First-quarter REO sales at Capital City Bank Group (CCBG) reached their second highest level since the econominc downturn began as the firm enters the second quarter holding a healthy REO pipeline.
The Tallahassee, Fla.-based financial services provider’s REO sales picked up momentum in the first quarter, totaling $7.9 million with more to go in the next.
“As we enter the second quarter, we have a strong pipeline of REO contracts pending,” Chief Executive William Smith said.
The firm’s balance of REO totaled $58.1 million at March 31, up $2.7 million from a year earlier.
The rental market for REO could reach $100 billion in 2012 with single-family REO investors in Florida — where Capital City is based — and the Midwest reaping the most profit. Those areas boast high cap rates and a large stock of potential REO properties.
During the quarter, charge-offs and loans transferred to REO at Capital City accounted for $9.5 million, or 19%, of the net reduction in total loans of $49.8 million. A year earlier, loan resolution accounted for $57.8 million, or 43%, of the net reduction in loans of $133.9 million.
“Efforts to stimulate new loan growth are ongoing and we have recently introduced new lending programs in our business and commercial real estate lending areas to mitigate the significant impact that consumer and business deleveraging is having on our portfolio,” the bank said.

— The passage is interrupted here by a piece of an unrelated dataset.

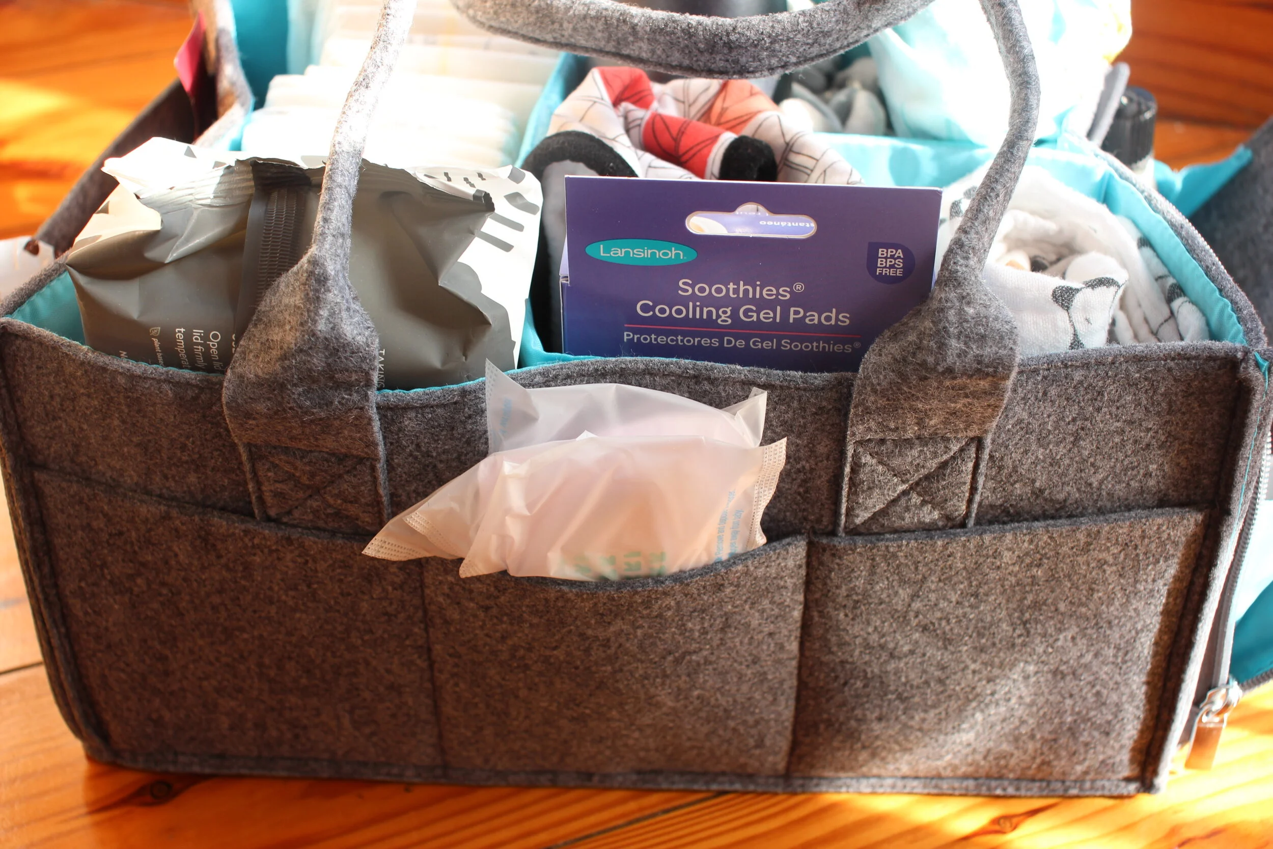 One thing that I have done for my last couple of babies that has helped tremendously is to have a well stocked and organized basket or caddy nearby for our postpartum period. I find that by having this setup I don’t have to get up as much or request my husband to go digging for something that he may not know exactly where it’s at (ya know, men). A good, organized caddy will be so helpful to any and all mamas to have on hand. It’s definitely a must have for mothers recovering from a surgical birth or who may find themselves in a position where they can’t be as mobile as they had planned to be.
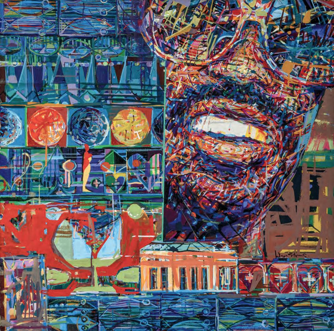 Interconnectivity among these artists reveals shared heritage and collective traditions. Claudia “Aziza” Gibson-Hunter, Lou Stovall, M. P. Alladin, Jacinto “Coco” Galloso, and Alec Simpson reflect their Afro-Caribbean, African American, and African roots through abstraction, conceptual designs, and vibrant use of color. Melanie Royster combines African-Caribbean iconography with Western techniques, creating a visual language bridging cultural divides.

Nonperforming assets represented 5.14% of total assets at the end of the quarter versus 4.86% a year earlier.
Capital City reported a loss of $1.2 million, or 7 cents a share, in the first quarter. In the year-ago period, it reported $1.3 million, or 8 cents a share, of income.
Reduced operating revenues and higher loan loss provisions led to the decline earnings.
“Credit quality continues to be our number one priority,” said Smith. “Our past due loans declined 53% to $9.2 million, which represents the lowest level since 2003.”